Problem requirements – Print the records below exactly, starting at the first line and stopping after the line that contains "圖為1月23日,LNG釋放站". Leave out any pictures.

Given records –
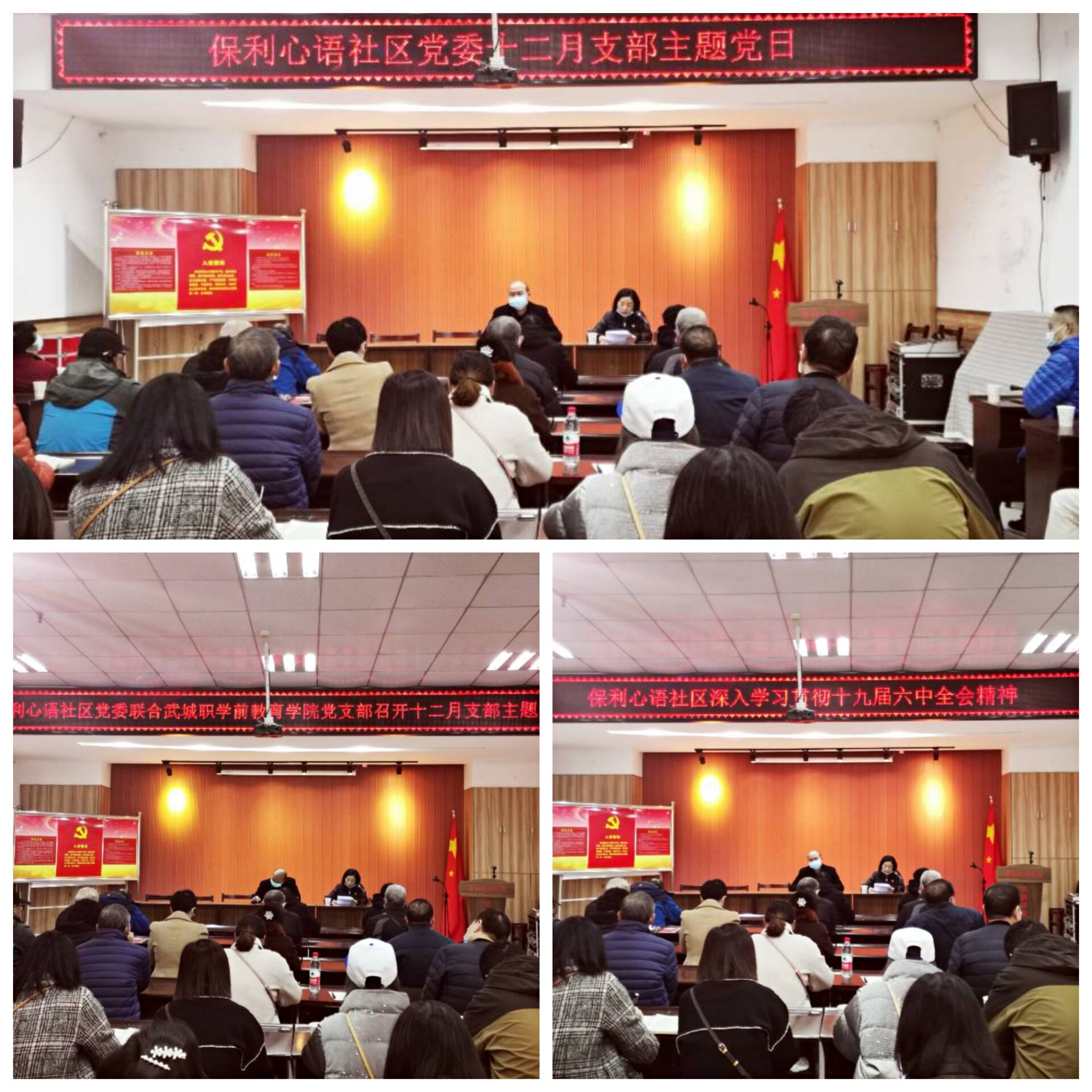 为深入学习贯彻习近平总书记十九届六中精神、近期重要讲话精神和中共中央关于做好党的二十大代表选举工作的通知精神,认真学习贯彻市委全面深化改革委员会第十次会议精神。根据中共武汉市委组织部文件精神要求和中共武汉城市职业学院组织部下发12月支部主题党日重点提示,12月9日上午9点30分,武城学前教育学院学工党支部联合保利心语社区三期党支部,在保利心语社区党员群众活动中心召开12月主题党日活动。
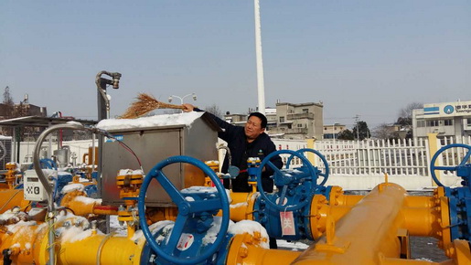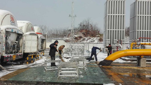 圖為1月23日,LNG釋放站工作人員在進(jìn)行儲(chǔ)罐倒罐作業(yè)、清掃積雪
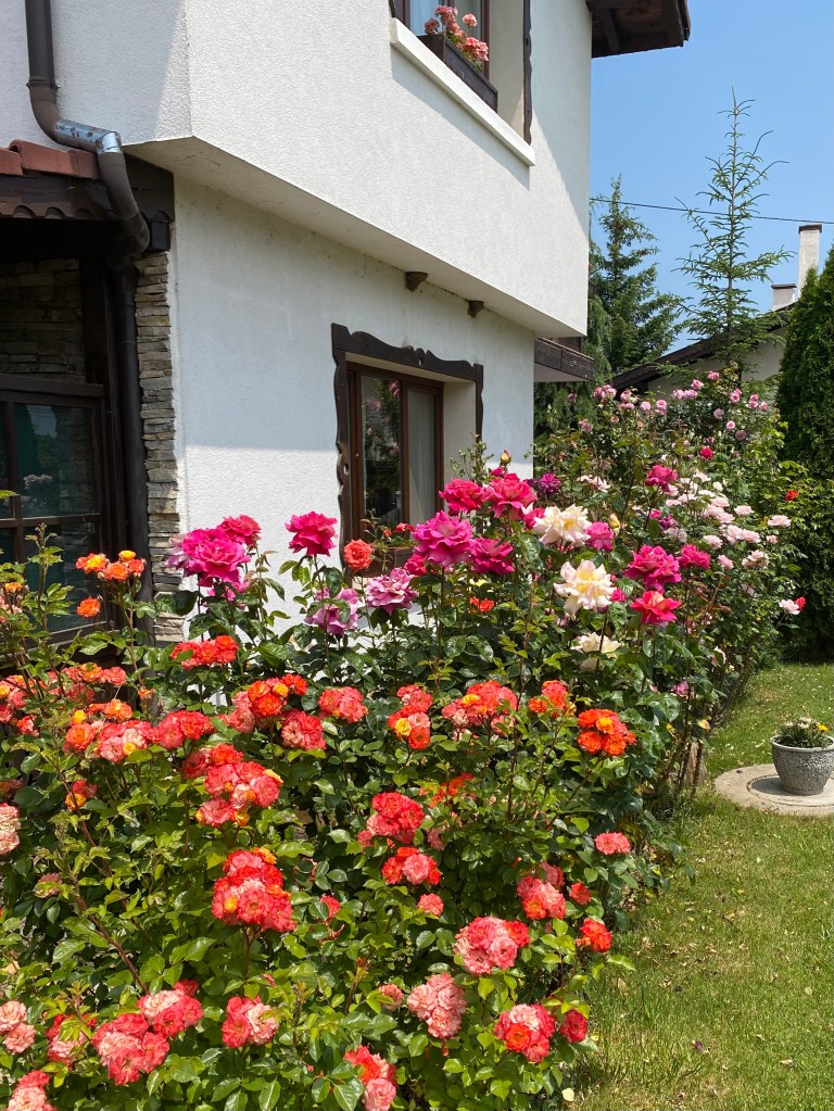 Ще вляза отново в градината за да покажа нашите прекрасни 70 рози. Тук е мястото да кажа, че розата не е претенциозно растение, но правилната грижа за нея е важна да я поддържа здрава и да ни радва по-дълго. Това вкючва редовно подрязване, почистване, торене, поливане, пръскане с инсектицидни и фунгицидни препарати /използвам био препаратите от голямата градина или някои естествени такива/.
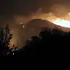 Bölgede etkili olan şiddetli rüzgara rağmen havanın kararmasının ardından müdahale yer ekiplerinin çalışmasıyla sürüyor.
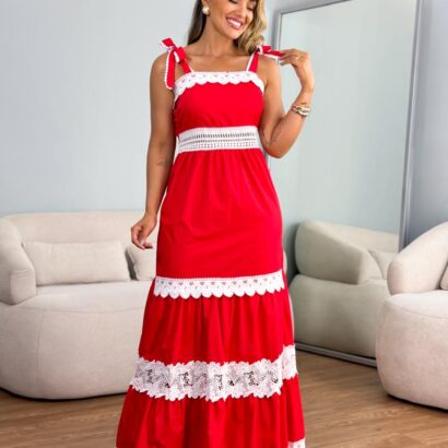 Vestido tricoline guipiz intercalado no corpo alça amarração
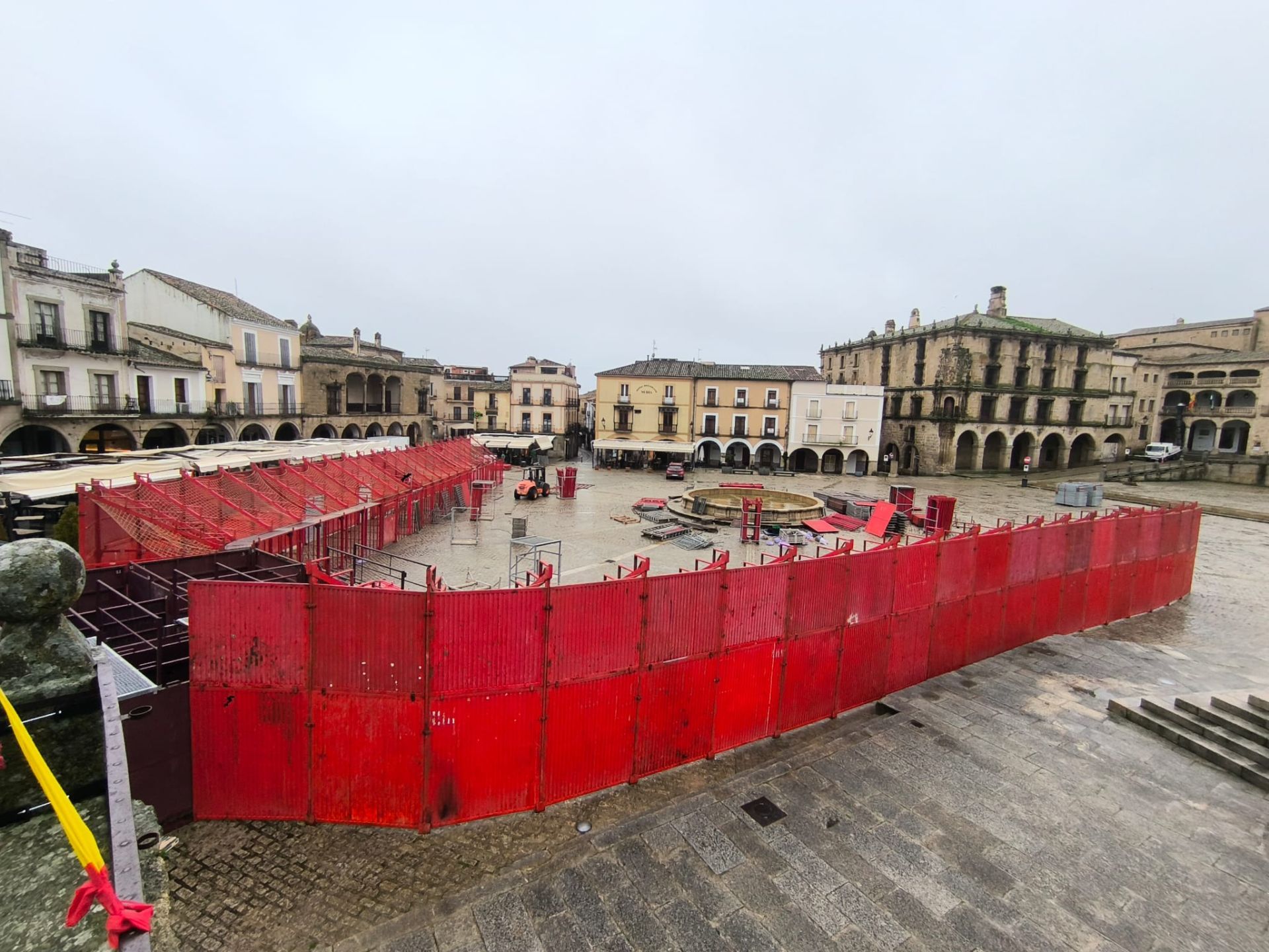 Los trabajos continúan para la celebración de los festejos taurinos que se desarrollarán con motivo del Carnaval, del 13 al 15 de febrero. Prueba de ellos es el montaje de la plaza portáti, en la plaza Mayor, que poco a poco avanza, a pesar de la lluvia. Esas labores de montaje se iniciaron este fin de semana.
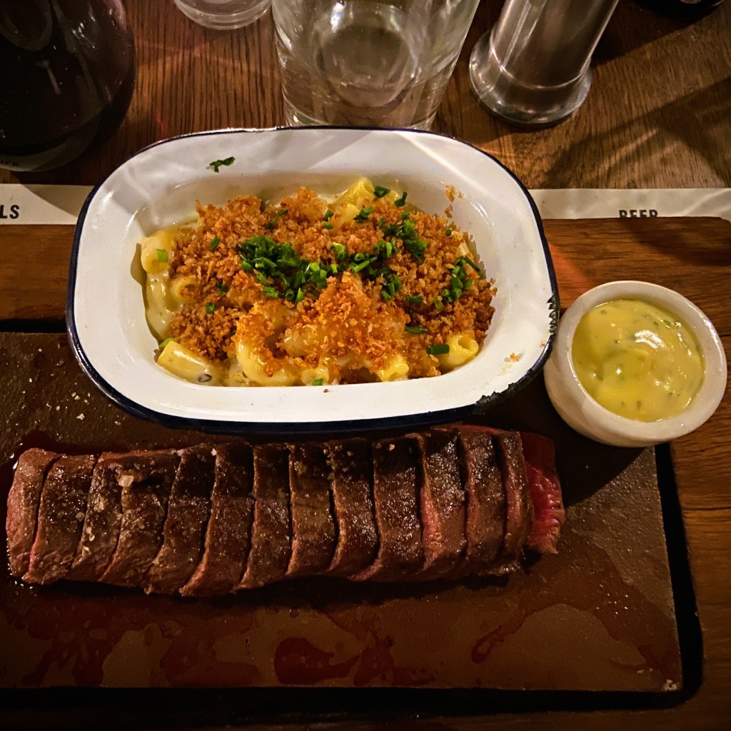 In lieu of starters (there are none to choose from) and not needing to save room for pudding (vanilla soft serve or nothing at all), the ten of us ordered ten flat irons and many sides. The food came out weirdly quickly, but I guess that for a restaurant that serves nothing else and is busy to the point of ‘queue outside and pray’, they’re probably grilling steaks to the vibe, not to the order. Sides come in at around £three to £six and a sauce is £one, so the whole flat iron event swift to the point of “How does the menu fill a whole side of A4?”, but also cheap.
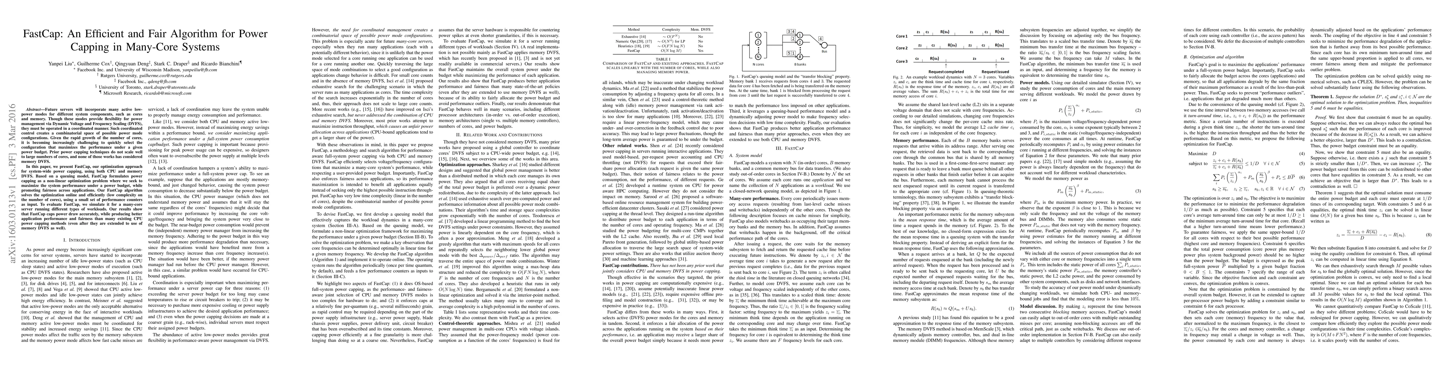 FastCap is an efficient algorithm for optimizing power capping in many-core systems using both CPU and memory DVFS, addressing the challenge of scaling power management to large numbers of cores. It achieves better performance and fairness compared to existing methods through an online optimization approach based on a queuing model.

Result –
 为深入学习贯彻习近平总书记十九届六中精神、近期重要讲话精神和中共中央关于做好党的二十大代表选举工作的通知精神,认真学习贯彻市委全面深化改革委员会第十次会议精神。根据中共武汉市委组织部文件精神要求和中共武汉城市职业学院组织部下发12月支部主题党日重点提示,12月9日上午9点30分,武城学前教育学院学工党支部联合保利心语社区三期党支部,在保利心语社区党员群众活动中心召开12月主题党日活动。
 圖為1月23日,LNG釋放站工作人員在進(jìn)行儲(chǔ)罐倒罐作業(yè)、清掃積雪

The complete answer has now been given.